I’m sneezing and coughing. I have a few cold relief tablets and start taking them sparingly. It’s definitely just a cold I tell myself. I stuff my pocket full of tissues and try not to cough near anyone.

We walk to the beach through Santa Catalina Park. It is barely 9am but the tables are already full of old men playing dominoes or chess.

‘Where are all the women?’ asks Madam.

‘The men are probably getting away from their nagging wives,’ I reply without thinking. I blame my cold.

She gives me a look. I begin to think that wasn’t the answer she wanted.

‘No, they are probably widowers,’ she says, ‘seeking solace from their sadness now that the love of their lives is no longer with them.’

‘Umm, I’m sure you are right my sweet.’

I still think my answer is more likely though.

At lunch time, Madam finds a local bar that is happy to freshly prepare us a couple of delicious sandwiches for less than half the cost of our Burger King meal. She celebrates by buying a punnet of local strawberries which were equally good. The sand is hot by 3pm, too hot to walk on barefoot, and we struggle to find shade, so we come back to the hotel to change and shower.

‘I found lunch, you decide where we have dinner,’ says Madam, ‘but not Italian… and I want churros’.

‘How about the one restaurant nearby that serves churros?’ I reply.

‘So are we going to the churro restaurant? You decide today.’

‘Why don’t we go to the churro restaurant that you like my sweet?’
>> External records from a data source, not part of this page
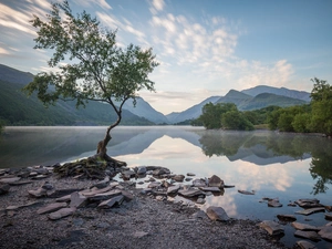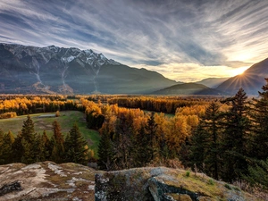rays of the Sun, winter, viewes, River, trees, Fog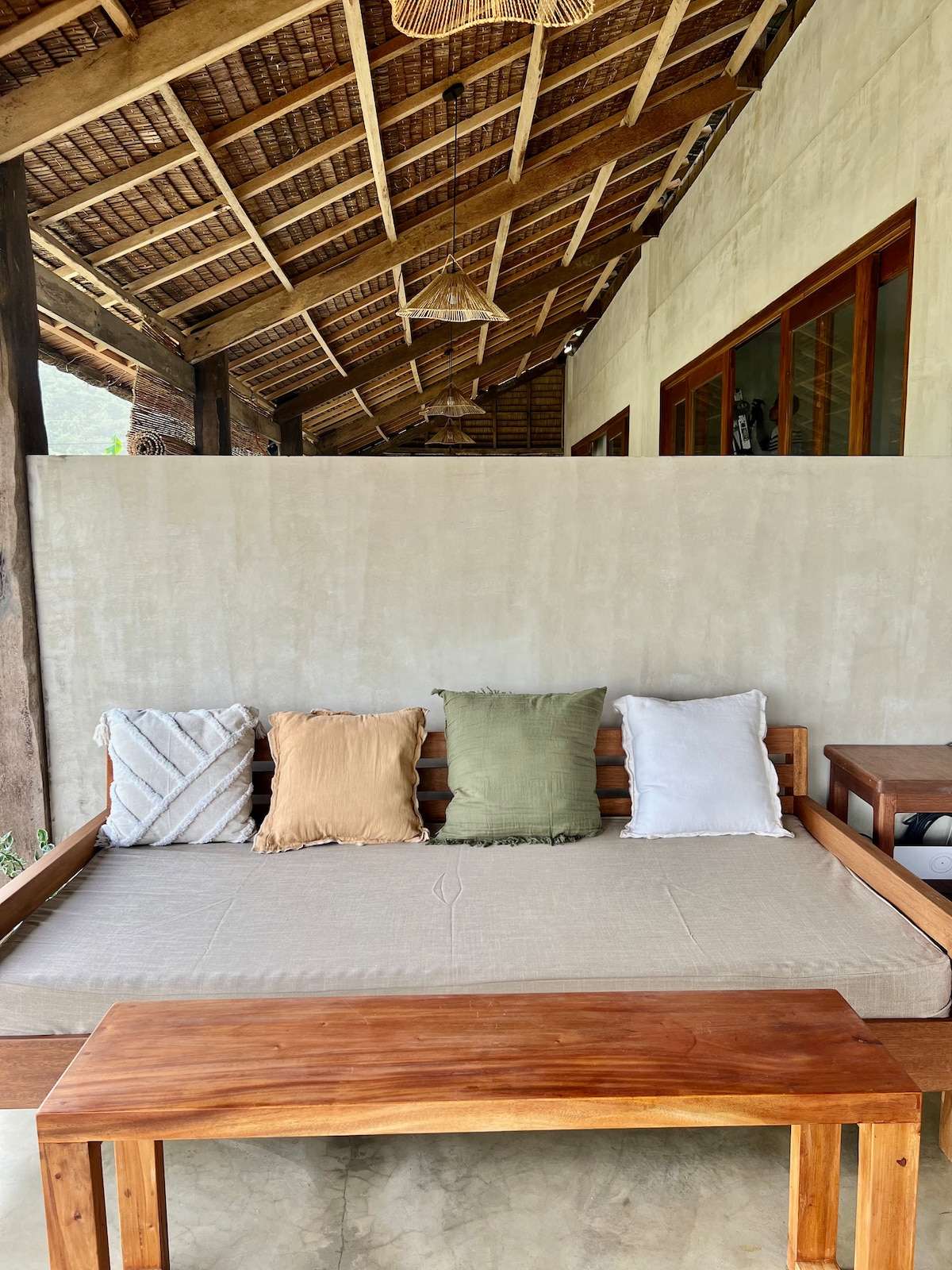 Our ocean-view bungalow is nestled in the quiet village of Cabitoonan, only 3 minutes away from the famous Cloud 9 surf break. Located right on the water with views of Siargao's most famous surf spots, we're close to the action and far from the noise—your own little slice of paradise. Community is important to us, and guests are just family we haven't met yet! Be prepared to hand out high fives and "hellos!" to the local grums who will rush to greet you. Come enjoy the real Siargao with us!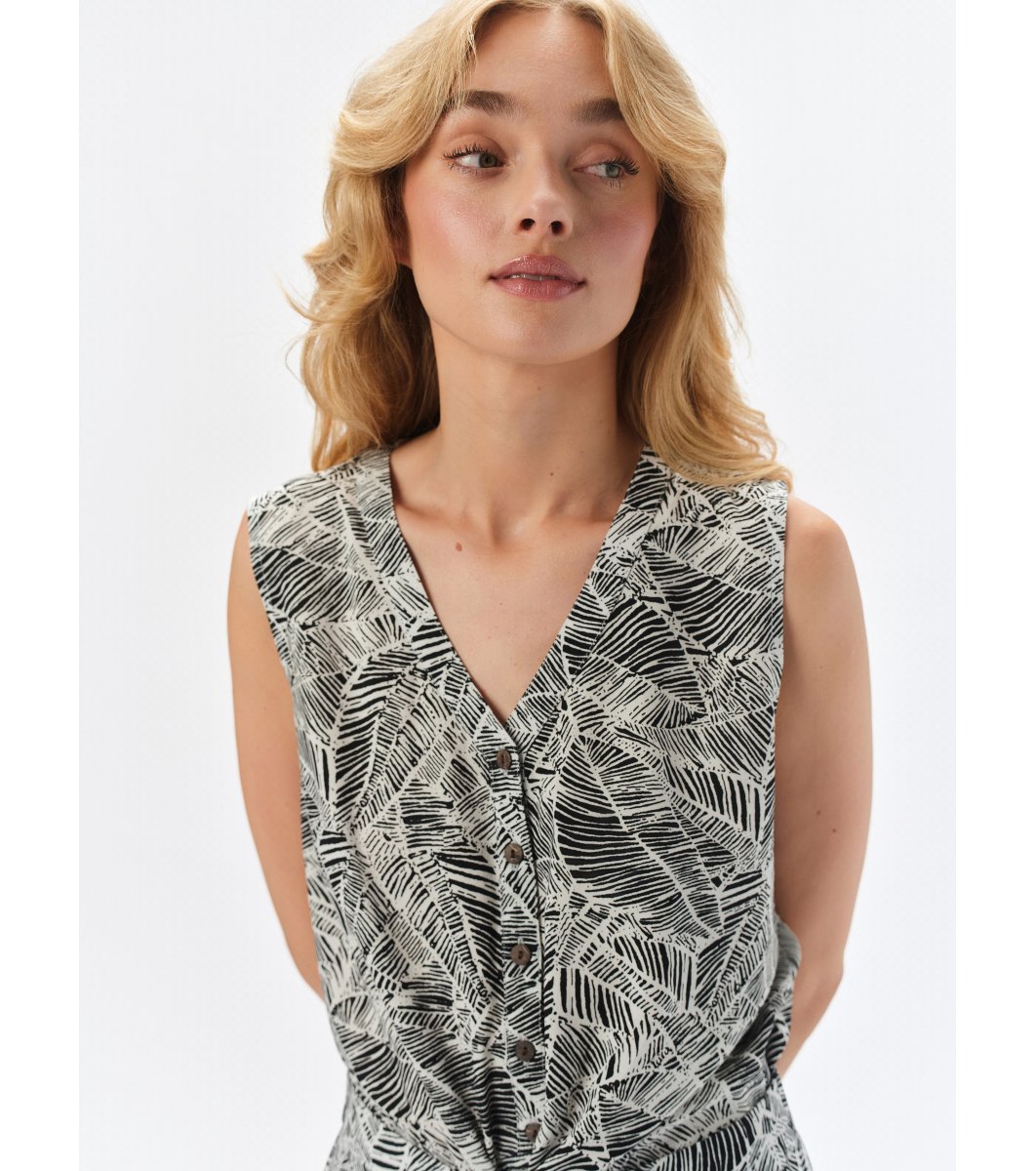 Top Secret Top de damă alb-negru cu decolteu în V și nasturi Fără mâneci

‘It’s your decision today.’

They also serve us some great tapas, for far less money than the tourist restaurants, as well as churros for Madam. We are tired after a long day lying on the beach, so we go back to the hotel for an early night.

Wednesday.

My cold is worse, I’m eking out the few cold tablets I have but I’m suffering with a runny nose, coughing and sneezing

We are late for breakfast. I say late, it is still only 8:40, but it is packed and almost everything has run out. There’s no jam, only a little bread and we have to fight the Germans to get close to anything. And there are a lot of Germans today. Not even a chocolate fountain to dip my finger in. I don’t mention the war.

It is our last full day and we are going to the aquarium. We plan on spending a couple of hours there, then spending our last afternoon on the beach. It turns out to be one of the largest in Europe and we are there for much longer. There is an auditorium with a massive glass tank with several sharks and other fish. We sit here for a while and watch the fish. I’m secretly hoping that one of the sharks will eat a smaller fish but they are well behaved, or maybe just well fed.

‘Where do you want to eat?’ I ask Madam.

‘There’s a place nearby that has great reviews for churros!’

I don’t know if you have picked up on this but Madam likes churros. We find the bar which is attached to a small market. It’s tiny and well away from the tourist area. We order crab sandwiches and papas bravas.

‘How many crisps do you have with your sandwich?’ asks Madam.

‘Two. How many with yours?’

‘Two.’

I count mine again carefully. One.. two.

‘Yes, definitely just two.’

We finish our sandwiches and I ask Madam, ‘Would you like churros now?’

She thinks for a moment then says ‘no.’

We go back to the hotel and Madam is tired, so I go out for one last solo walk. I walk along the promenade, It’s busy and I’m constantly dodging meandering groups of people. There are arrows painted on the ground asking you to walk on the right but these are ignored. Tables line the promenade closest to the beach, waiters dash between restaurants door and tables adding an additional hazard. I get tired of fighting the crowds, so I go back to the hotel through back streets. I know my way around these streets now, so I don’t have to look at a map or concentrate on my route. I reach Santa Catalina Park and the old men are still playing dominoes or chess.

I find a bench and sit in Santa Catalina Park for the last time. I watch the men slamming dominoes or pondering chess moves and the buses leaving for other parts of the city. I’m sad to be leaving Las Palmas. Sad to be leaving Gran Canaria.

Postscript. I had a negative test for Covid. It was just a cold, but I’m still suffering several days later. I need a holiday in the sun.